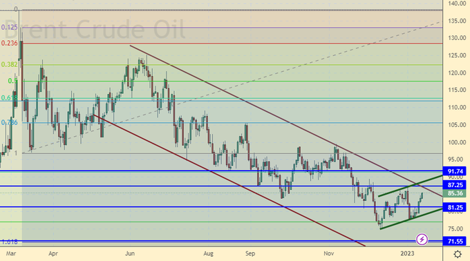 Growth scenario: switched to March futures, expiration date February 21. Quotes are growing rapidly. We continue to keep longs open a week earlier. In case of growth above 84.00, positions can be increased.
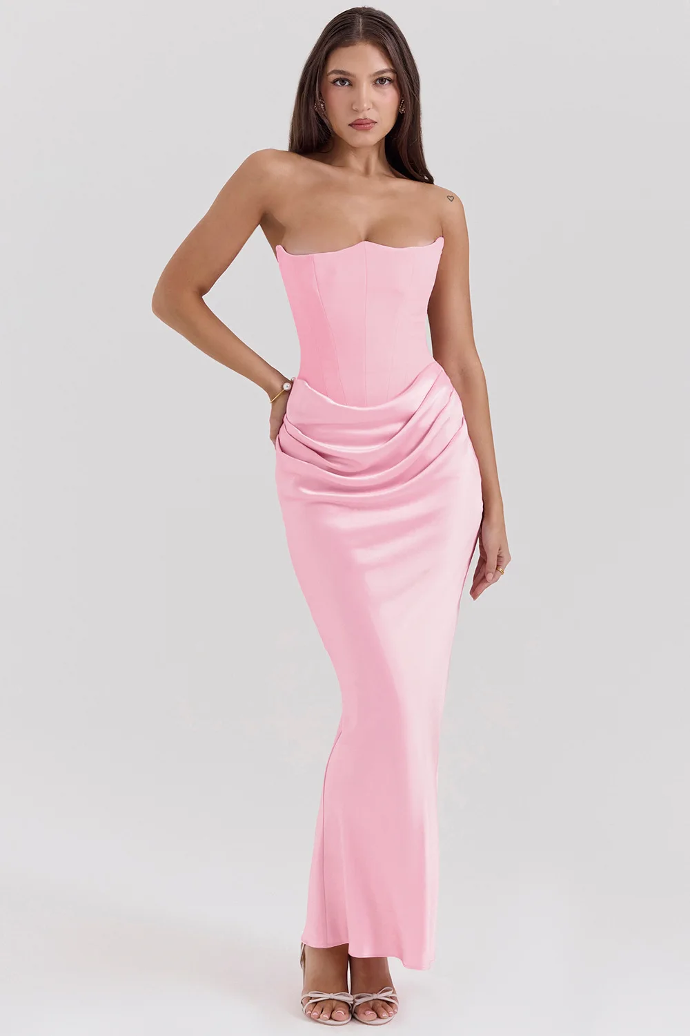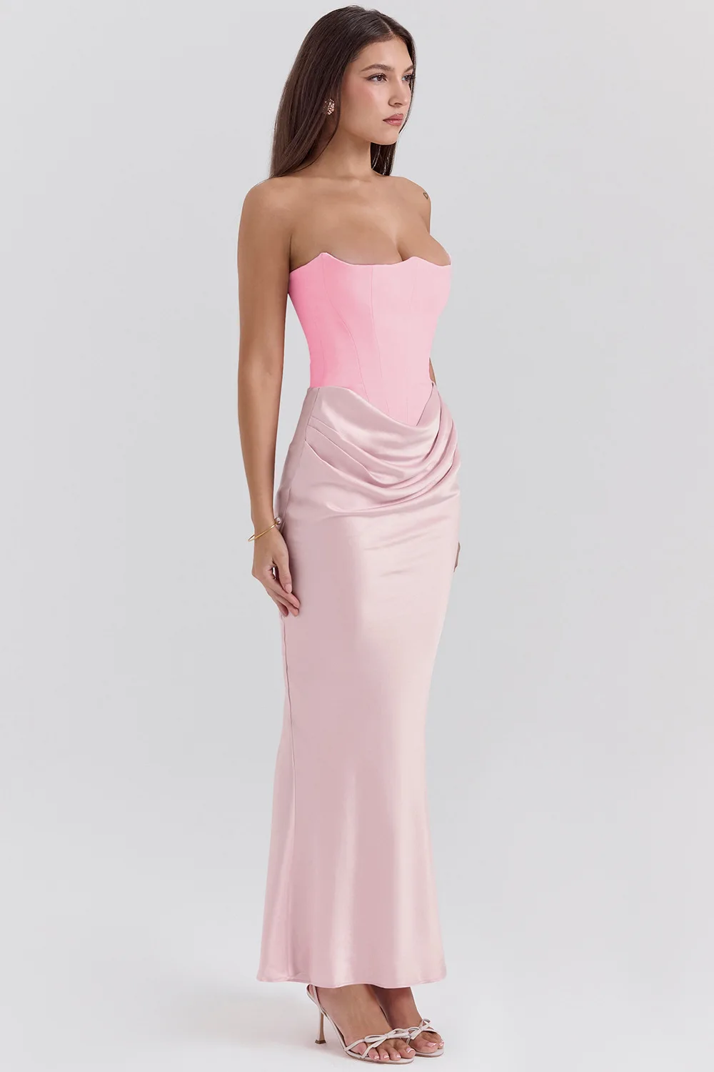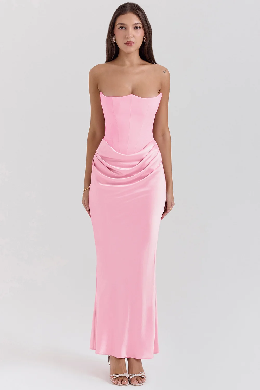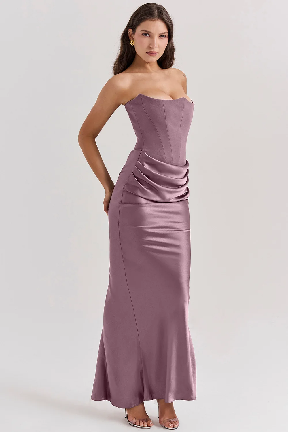 Elegant Mermaid Maxi Dress for Women Formal Occasion Prom Gown Strapless Corset Ruched Long Dress Party Evening Dress Lady Robe
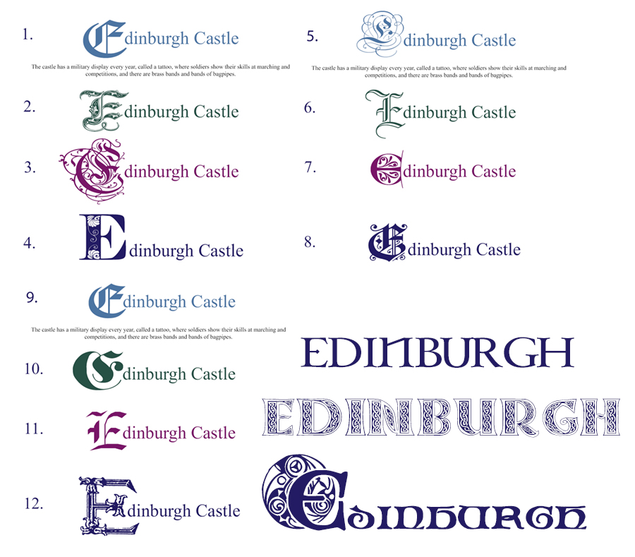 Die nächste Verwirrung Re: Font für ÜberschriftMir gefällt spontan die Nr. 8. Der Anfangsbuchstabe von Edinburgh neben der Nr. 12 gefällt mir auch gut.
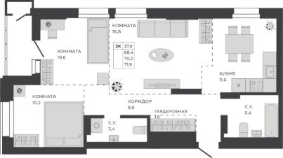 Общая площадь70,2 м²
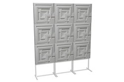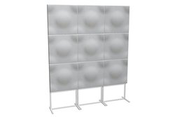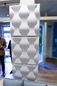 1セットはパネルが縦に3枚並んだ状態となっており、外形寸法は588W×2170H×335Dmmで、質量は12.3kg。横への連結にも対応するため複数セットを並べて使用することもできる。標準仕様はモノトーンカラーで日本の家屋にフィットしやすく、また複数台での使用時には美しい造形を構築でき、ルームチューニングとインテリアの両面で機能するとアピールする。
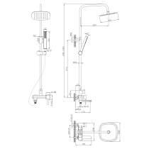 Det justerbara glidfästet gör användningen bekväm, och den manuella omkopplaren integrerad i blandaren gör det enkelt att växla mellan takdusch, handdusch och badkarspip.
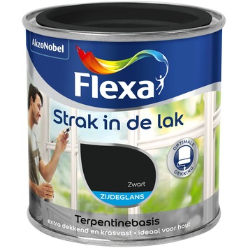 Flexa Strak in de lak zijdeglans lak in de kleur zwart is geschikt voor binnen en buitengebruik. De terpentinegedragen lak is toepasbaar op hout en i.c.m. de juiste grondverf ook op metaal en harde kunststoffen. Gebruik Flexa Strak in de lak bijvoorbeeld voor het lakken van uw kozijnen of deuren. De zwarte zijde glans lak van Flexa Strak in de lak heeft een optimale dekking en is krasvast. De inhoudsmaat is 250 ml. Naast de standaard beschikbare kleuren is deze lak in meer dan 30.000 verschillende kleuren te verkrijgen bij onze verfmengbalie in de GAMMA bouwmarkt.
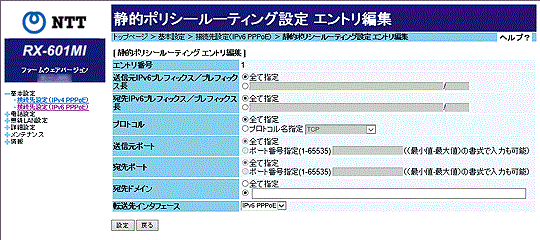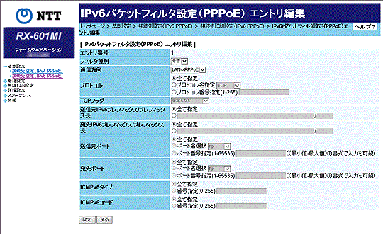 [IPv6パケットフィルタ設定(PPPoE)エントリ編集]
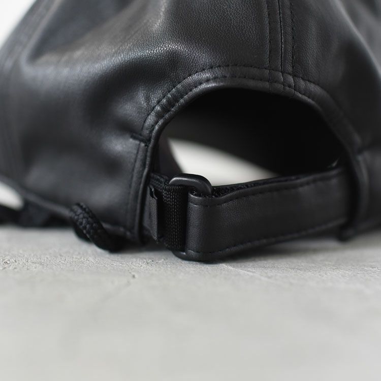動物に由来しない環境に配慮した合成皮革素材を使用。限りなく本物のレザーに近い光沢感、質感を表現したナッパラン風の加工仕上げ。 クラシカルな6パネルキャップ。アジャスター、ストラップディテールを加え、風に飛ばされないよう機能的にアップデート。モデル着用サイズsize:FREE color:BLACKMENS MODEL height:170cm weight:73kg
* * * * *
## Task instructions
Your task is to copy only the lines above starting at the one containing "1セットはパネルが縦に3枚並" and ending at the one containing "[IPv6パケットフィルタ設定(PPPoE)エントリ編集]". Copy them exactly, both ends included, and omit the pictures.

## Solved exercise
 1セットはパネルが縦に3枚並んだ状態となっており、外形寸法は588W×2170H×335Dmmで、質量は12.3kg。横への連結にも対応するため複数セットを並べて使用することもできる。標準仕様はモノトーンカラーで日本の家屋にフィットしやすく、また複数台での使用時には美しい造形を構築でき、ルームチューニングとインテリアの両面で機能するとアピールする。
 Det justerbara glidfästet gör användningen bekväm, och den manuella omkopplaren integrerad i blandaren gör det enkelt att växla mellan takdusch, handdusch och badkarspip.
 Flexa Strak in de lak zijdeglans lak in de kleur zwart is geschikt voor binnen en buitengebruik. De terpentinegedragen lak is toepasbaar op hout en i.c.m. de juiste grondverf ook op metaal en harde kunststoffen. Gebruik Flexa Strak in de lak bijvoorbeeld voor het lakken van uw kozijnen of deuren. De zwarte zijde glans lak van Flexa Strak in de lak heeft een optimale dekking en is krasvast. De inhoudsmaat is 250 ml. Naast de standaard beschikbare kleuren is deze lak in meer dan 30.000 verschillende kleuren te verkrijgen bij onze verfmengbalie in de GAMMA bouwmarkt.
 [IPv6パケットフィルタ設定(PPPoE)エントリ編集]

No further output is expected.